Microsoft’s “Smoked by Windows Phone” campaign has really taken off in recent months. The brainchild of Ben “The PC Guy” Rudolph, “Smoked by Windows Phone” started off as a challenge at CES, the results of which were published on YouTube and the Windows Phone Blog. It became so popular that, before long, Rudolph took it on a road trip to Microsoft Stores in Southern California. Soon after it exploded, turning into an online advertising campaign and, just this past weekend, expanding to nearly every Microsoft Store retail location. Of course, something so popular is bound to have a strong reaction, both positive and negative. But is the internet making it into a bigger deal than it actually is?
Early on, some people tried to claim that Microsoft was cheating, but they were proved wrong every time. And, having watched “Smoked by Windows Phone” in action at CES (I wasn’t allowed to participate because I already own a Windows Phone), I can say that it was run very fairly. Ben Rudolph has been very honest and upfront about his record, both the wins (88% at CES, 100% in Southern California) and the losses.
Now, with Microsoft Store retail associates taking over the challenge in lieu of Rudolph, who is based out of Microsoft’s corporate headquarters in Redmond, the challenge is receiving more press than ever before. Whereas Microsoft previously awarded winners with a crisp $100 bill and sent losers away with a Windows Phone as a consolation prize for being forced to admit their defeat on camera, now winners will receive a $1,000 Ultrabook. Increasing the stakes has managed to fill Microsoft Stores with customers waiting for their chance to smoke Windows Phone or walk away with one themselves.
Of course, this also opened up the door for controversy when one Microsoft Store employee denied a customer a win on a technicality. Rudolph, however, continues to stand behind the challenge and quickly sent the gentleman an Ultrabook and a Windows Phone. But is the whole thing a rigged PR scheme? No, not really. Yes, Microsoft has the advantage, since it gets to select exactly which task to perform and has had ample time to prepare beforehand. Yes, Microsoft ultimately determines whether or not to award the winner his or her prize. But the Redmond software giant has been careful to pick common use cases like uploading a photo or posting to a social network, rather than an obscure or platform-specific challenge. And while mistakes are bound to happen occasionally, Microsoft has always set things right.
Interestingly, there are many reasons why one might want to take the challenge. Is it to win the $1,000 Ultrabook? To walk away with a Windows Phone? To prove your device’s superiority? In the end, it doesn’t really matter, since the challenger walks away with a valuable prize regardless of the competition’s outcome. Microsoft wins too, thanks to the massive amounts of press coverage and the multitude of free Windows Phones that are now in the hands of customers who have, more than likely, been convinced that the platform truly is better.
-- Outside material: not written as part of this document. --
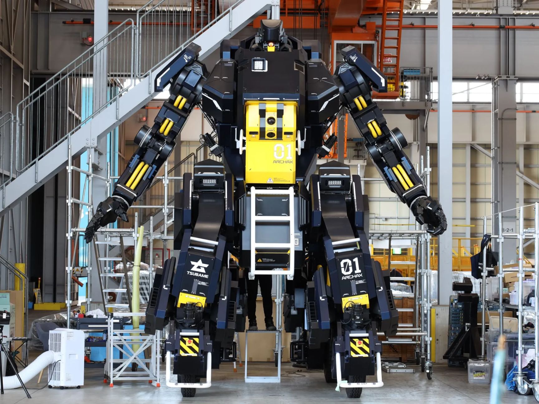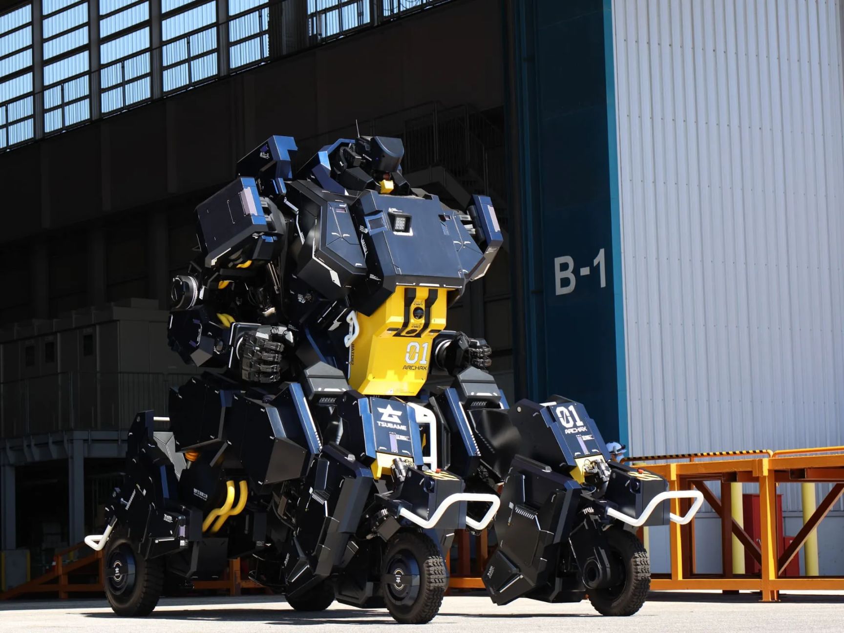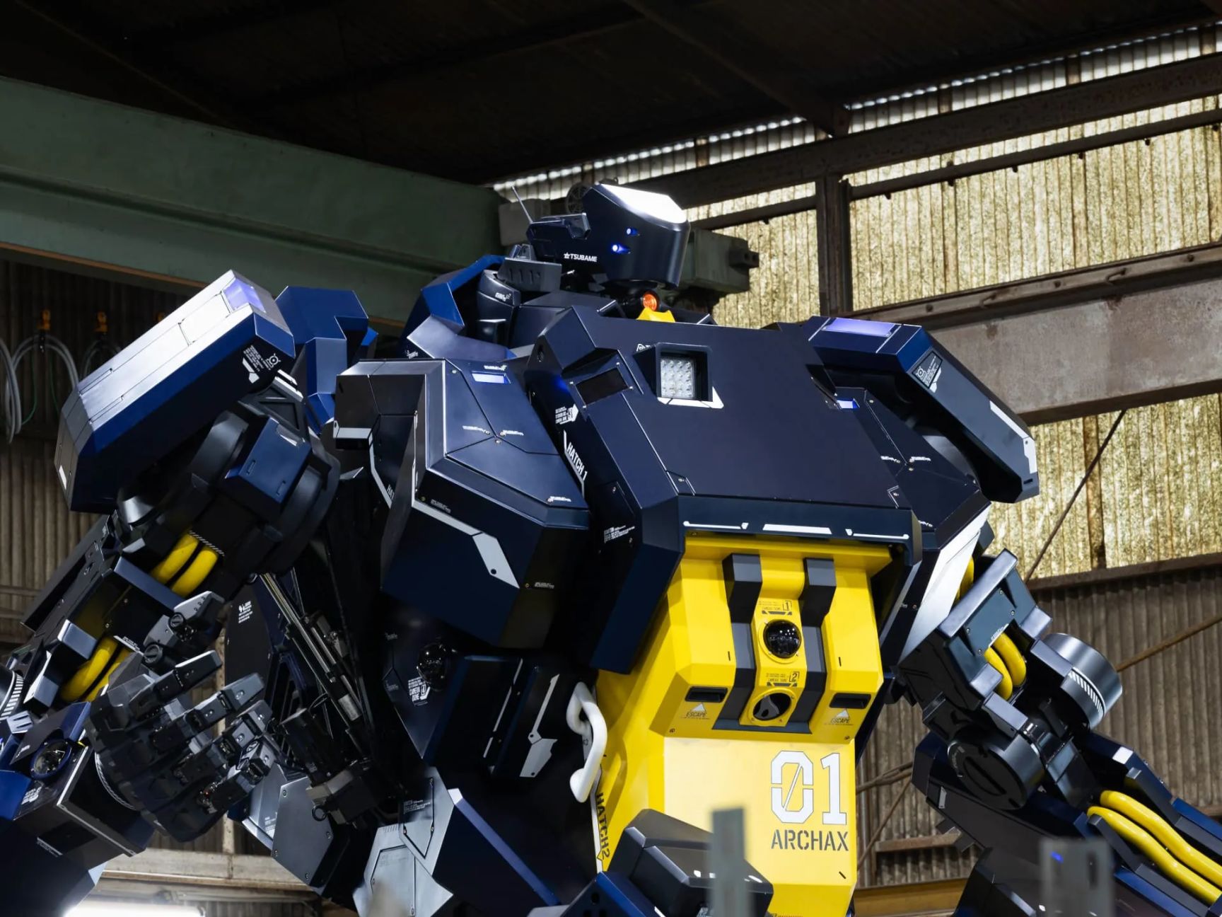 这台机器人被命名为ARCHAX,取名自鸟类恐龙“始祖鸟”。其驾驶舱内的显示器可以接收从外部摄像机传来的图像,这样驾驶员可以从机器人躯干内部使用操纵杆来控制其手臂和手。

One of the most unintentionally hilarious “exclusives” I’ve read recently is that Microsoft knew it wouldn’t win every “Smoked by Windows Phone” challenge. Of course Microsoft knew; the company isn’t stupid. It is, however, confident enough about Windows Phone’s strengths–and knowledgeable enough about its weakness–to choose a lineup of challenges that best suits the company. And with an 88% win ratio at CES–and a perfect record in Southern California–Microsoft knew it could afford to lose a few challenges.
“Smoked by Windows Phone” is a brilliant marketing move on Microsoft’s part. It manages to show off the strengths of Windows Phone–speed, usability, and social–while simultaneously attracting a lot of press coverage and seeding the market with Windows Phones. Unfortunately, some people are making a mountain out of a mole hill. Of course “Smoked by Windows Phone” is going to slightly favor Windows Phone–it is a marketing campaign after all–but that doesn’t mean the company is cheating. If you live near a Microsoft Store, however, why not stop by and try it for yourself? You just might walk away with a Windows Phone.